Listening to your body

No one knows your body as you do. The more you practice Yoga, the better you become at determining your limitations, as well as your strengths, within each posture. Each posture presents its own unique challenges. You want to feel encouraged to explore and expand your physical and emotional boundaries without risking strain or injury to yourself.

Some teachers speak of practicing at the edge, the point at which the intensity of a posture challenges you but doesn’t cause you pain or unusual discomfort. The idea is to slowly and carefully push that edge further back and open up new territory. Cultivate self-observation and pay attention to the feedback from your body to be able to practice at the edge.

Each Yoga session is an exercise in self-observation without being judgmental. Listen to what your body is telling you. Train yourself to become aware of the signals that continually travel from your muscles, tendons, ligaments, bones, and skin to your brain.

Be in dialogue with your body instead of indulging in a mental monologue that excludes bodily awareness. Pay particular attention to signals coming from your neck, lower back, jaw muscles, abdomen, and any known problem or tension areas of your body.

To gauge the intensity of a difficult Yoga posture, use a scale from 1 to 10, with 10 being your threshold for tolerable pain. Imagine a flashing red light and an alarm bell going off after you pass level 8. Notice the signals and heed them, particularly your breath. If your breathing becomes labored, it usually indicates that you might want to back off.

Beginners commonly experience trembling when holding certain Yoga postures. Normally, the involuntary motion is noticeable in the legs or arms and is nothing to worry about, as long as you aren’t straining.
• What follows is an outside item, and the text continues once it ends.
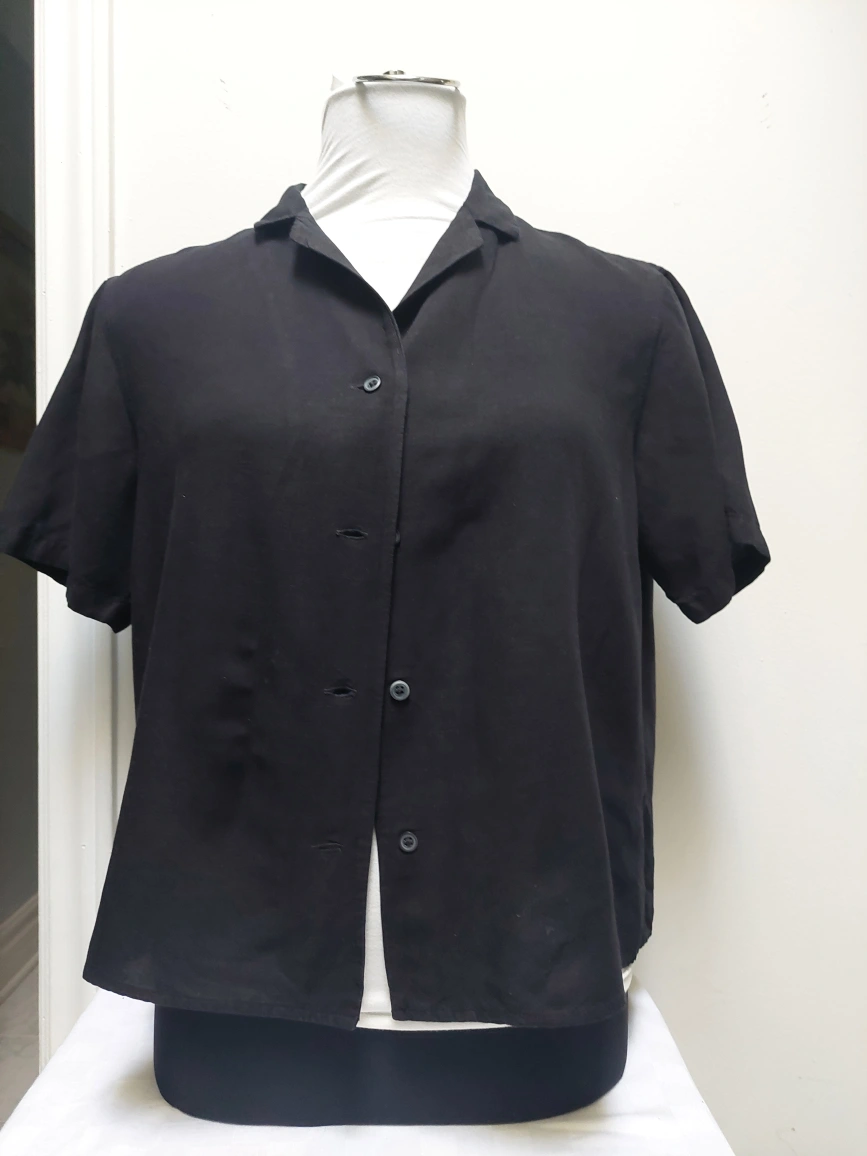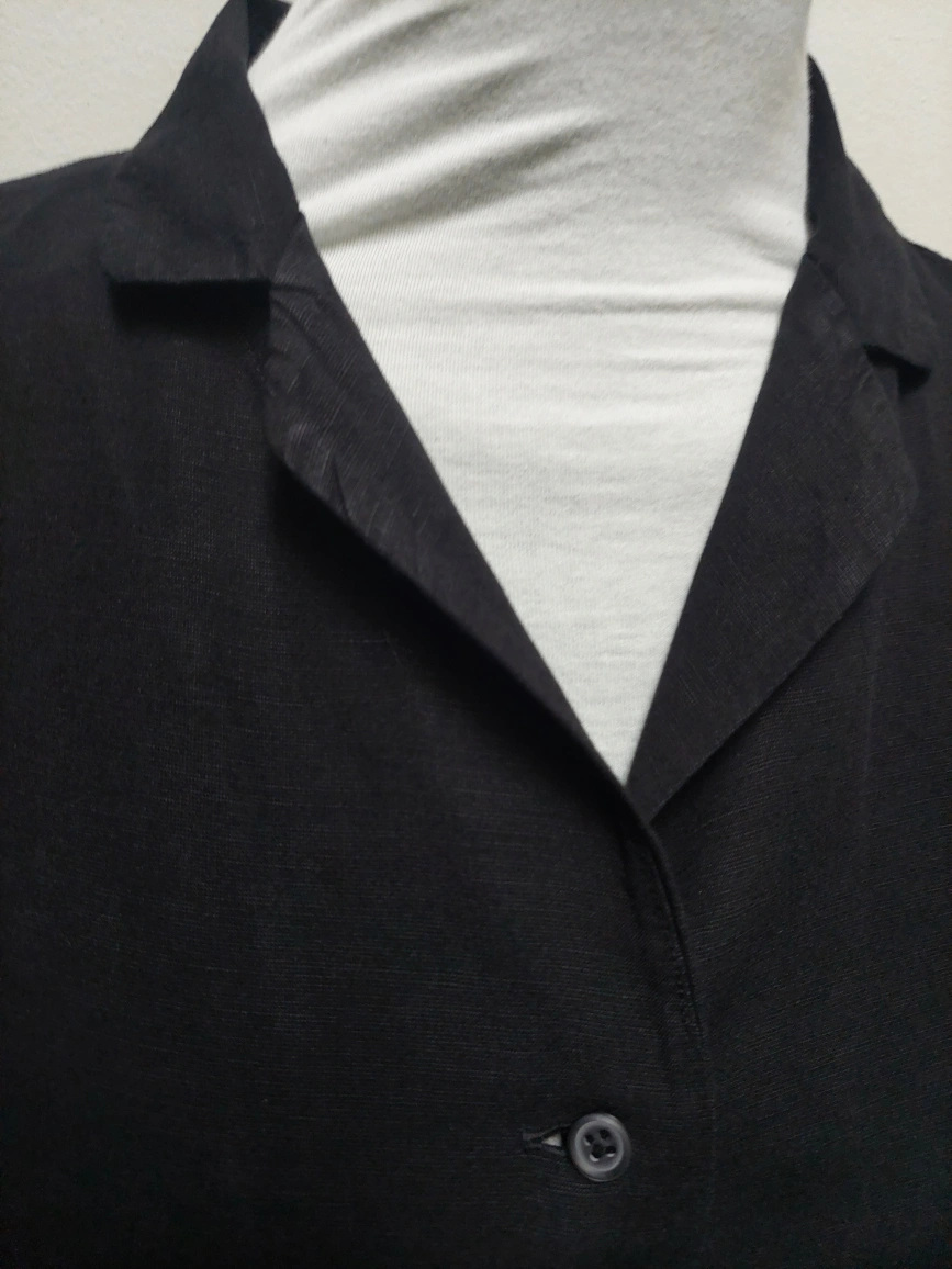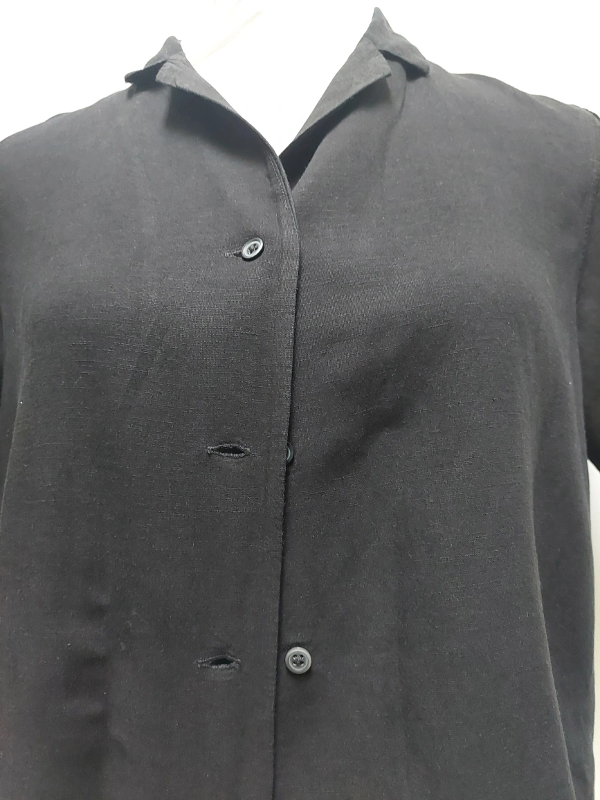 Women's black oversized short sleeve button-down shirt. Size Medium. Made in China. Relaxed fit. Collared neckline. Button closure. Rayon and Linen blend.

The tremors are simply a sign that your muscles are working in response to a new demand. Instead of focusing on the feeling that you’ve become a wobbly bowl of jelly, lengthen your breath a little, if you can, and allow your attention to go deeper within. If the trembling starts to go off the Richter scale, either ease up a little or end the posture altogether.

Moving slowly but surely

All postural movements are intended to be executed slowly. Unfortunately, most people are usually on automatic with movements that tend to be unconscious, too fast, and not particularly graceful. Most people are generally unaware of their bodies, but yogic postures lead you to adopt a different attitude. Consider the advantages of slow-motion :

  • Enhanced awareness, which enables you to listen to what your body is telling you and to practice at the edge.
  • Safer practice. Slowing down lowers the risk of straining or spraining muscles, tearing ligaments, and overtaxing your heart.
  • Arrival at a deep stage of relaxation more quickly.
  • Improved breathing and breathing stamina.
  • Shared workload among more muscle groups.

For the best results, practice your postures at a slow, steady pace while calmly focusing on your breath and the postural movement. Resist the temptation to speed up; instead, savor each posture. Relax and be present here and now. If your breathing becomes labored or you begin to feel fatigued, rest until you’re ready to go on.

If you find yourself rushing through your program, pause and ask yourself, “Why the hurry?” If you’re truly short on time, shorten your program and focus on fewer postures.

If you’re rushing through your program because you’re feeling bored or generally distracted, pause and remind yourself why you’re practicing yoga in the first place. Renew your motivation by telling yourself that you have plenty of time to complete your session. Boredom is a sign that you’re detached from your own bodily experience and aren’t living in the present moment. Participate fully in the process.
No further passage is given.